What I see disturbs me. The religion of peace is locked in war with the religion of love, who in turn revels in fear and hate mongering. Major Christian religions support legislation against love, and our whole society still lacks any real devotion to unconditional love. This isn't the fault of any particular religion, or even religion in general, this is simply a fault in people. Every religion is purported to be founded on the principle of correcting that fault, yet most are caught up in tireless hubris, so convinced of their great purpose in changing the world outside them, they forget that their only role is to help this inside them.
I suppose I see no reason to celebrate the midwinter festival. I'm not a farmer whose life is in some way based around the seasons, nor do I worship the movements of celestial bodies. Perhaps, someday, when I feel that I'm with someone that I want to celebrate being with I may change my mind. I still won't ascribe it to the fake birth date, he was born in spring, of someone who tried to teach the world how to live a better life. If I feel the need to celebrate that, I'll do it by teaching people how to live better lives.

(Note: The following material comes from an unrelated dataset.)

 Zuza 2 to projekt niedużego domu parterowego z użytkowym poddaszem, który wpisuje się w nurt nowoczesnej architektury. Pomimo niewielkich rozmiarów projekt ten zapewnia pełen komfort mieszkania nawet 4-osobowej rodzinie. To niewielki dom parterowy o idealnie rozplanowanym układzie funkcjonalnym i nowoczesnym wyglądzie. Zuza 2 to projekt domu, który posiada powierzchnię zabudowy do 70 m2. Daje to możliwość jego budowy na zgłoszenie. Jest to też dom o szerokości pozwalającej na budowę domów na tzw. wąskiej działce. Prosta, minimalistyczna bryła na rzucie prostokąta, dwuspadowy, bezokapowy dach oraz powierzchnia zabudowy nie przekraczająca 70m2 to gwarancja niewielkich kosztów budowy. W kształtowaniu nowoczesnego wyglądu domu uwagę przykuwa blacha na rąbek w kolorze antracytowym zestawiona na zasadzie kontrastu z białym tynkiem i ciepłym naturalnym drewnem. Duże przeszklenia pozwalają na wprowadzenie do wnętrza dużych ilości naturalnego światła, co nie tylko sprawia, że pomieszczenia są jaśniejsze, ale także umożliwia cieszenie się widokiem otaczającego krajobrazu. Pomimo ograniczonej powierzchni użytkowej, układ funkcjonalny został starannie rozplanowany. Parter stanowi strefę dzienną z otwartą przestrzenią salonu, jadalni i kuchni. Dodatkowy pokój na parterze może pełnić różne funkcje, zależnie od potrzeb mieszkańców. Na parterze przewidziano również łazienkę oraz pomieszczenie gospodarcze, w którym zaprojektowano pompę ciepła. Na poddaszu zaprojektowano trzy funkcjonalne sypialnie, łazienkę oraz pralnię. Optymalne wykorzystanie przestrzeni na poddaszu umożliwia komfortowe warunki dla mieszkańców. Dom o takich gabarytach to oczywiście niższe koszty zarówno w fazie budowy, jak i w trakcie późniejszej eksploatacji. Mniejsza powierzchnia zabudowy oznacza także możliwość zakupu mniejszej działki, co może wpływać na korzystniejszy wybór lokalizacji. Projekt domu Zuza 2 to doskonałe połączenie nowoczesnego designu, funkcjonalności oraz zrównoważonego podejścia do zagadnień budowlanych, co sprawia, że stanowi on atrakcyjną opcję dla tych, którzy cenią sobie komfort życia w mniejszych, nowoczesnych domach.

Something that has been on my mind lately is that if you're trying to help people you need to maintain focus on the message. A major problem with religious conversations is that people devolve into personal experiences and tend to approach the uncomfort zone of the person they are speaking to. The problem with that is that it's easy to attribute something to being "god's hand" in the situation, when to an outside observer, there are plenty of other just as plausible reasons for it to have happened the way it did. The message, though, is universal, do good to others, don't judge others, burn the heretics.